| WHAT YOU SHOULD DO |
Reproduce the listing below from the line with "1.5T EVO发动机根据调" to the line with "Chihuahua, Chih.- Hace", both lines included, character for character, minus any pictures.

| THE DATA |
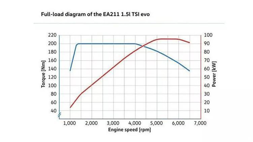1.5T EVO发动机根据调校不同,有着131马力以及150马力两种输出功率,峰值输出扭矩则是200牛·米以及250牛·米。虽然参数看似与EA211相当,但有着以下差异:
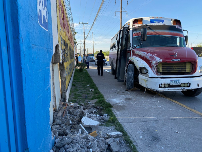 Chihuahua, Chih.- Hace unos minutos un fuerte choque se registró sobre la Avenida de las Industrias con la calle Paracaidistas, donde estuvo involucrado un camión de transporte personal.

---

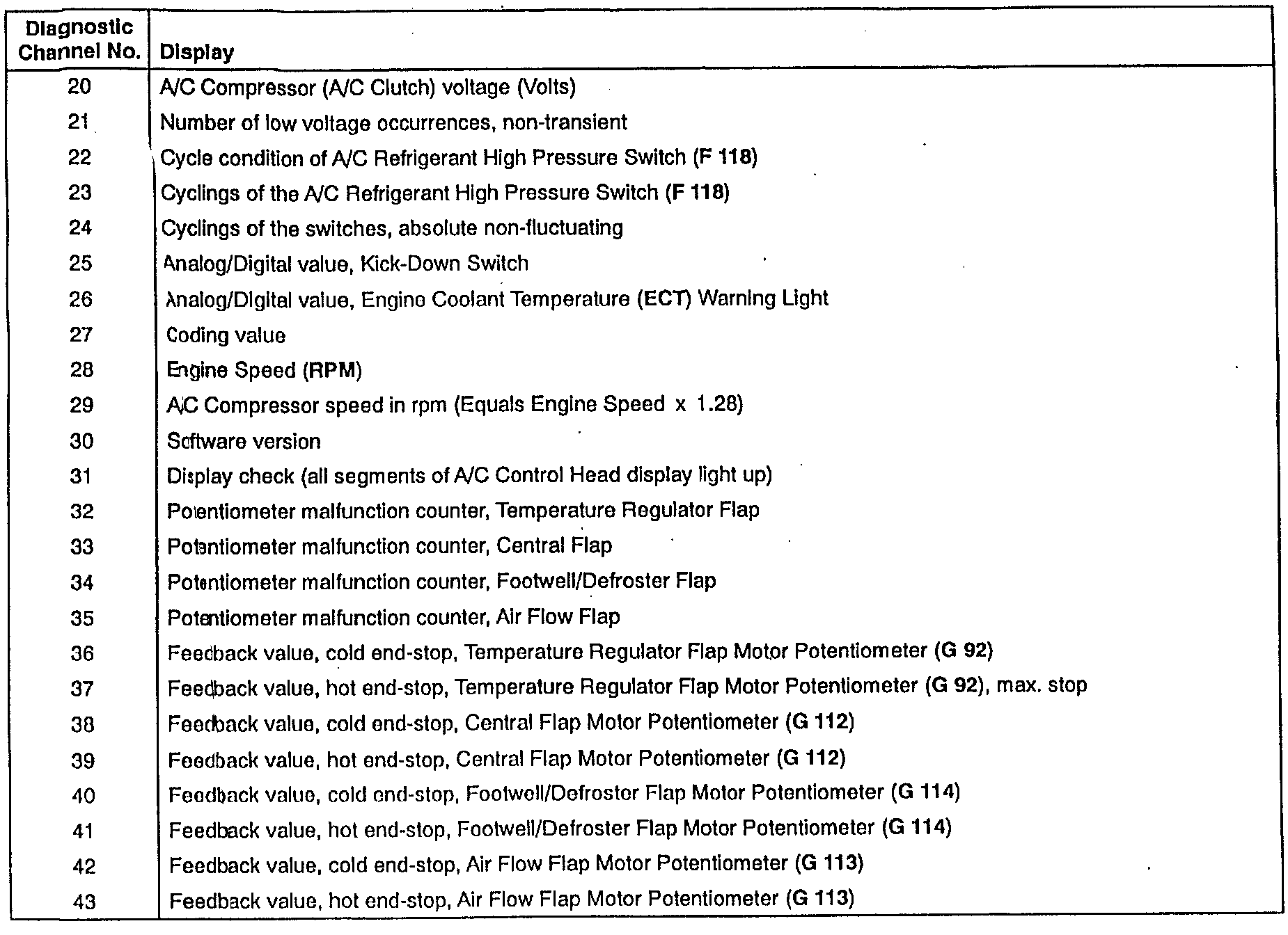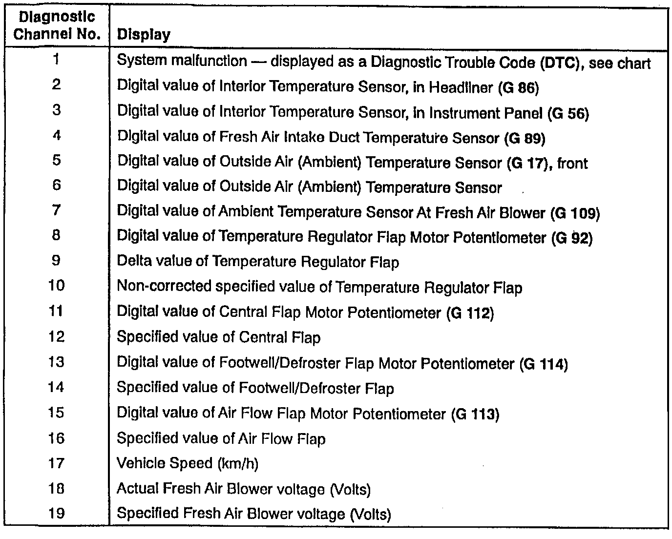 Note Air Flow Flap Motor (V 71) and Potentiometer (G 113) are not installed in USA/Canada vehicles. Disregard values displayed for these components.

==

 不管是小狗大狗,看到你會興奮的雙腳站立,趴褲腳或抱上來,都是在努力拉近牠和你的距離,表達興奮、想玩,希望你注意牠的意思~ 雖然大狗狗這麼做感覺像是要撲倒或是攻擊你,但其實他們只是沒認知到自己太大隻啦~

| TASK OUTPUT |
1.5T EVO发动机根据调校不同,有着131马力以及150马力两种输出功率,峰值输出扭矩则是200牛·米以及250牛·米。虽然参数看似与EA211相当,但有着以下差异:
 Chihuahua, Chih.- Hace unos minutos un fuerte choque se registró sobre la Avenida de las Industrias con la calle Paracaidistas, donde estuvo involucrado un camión de transporte personal.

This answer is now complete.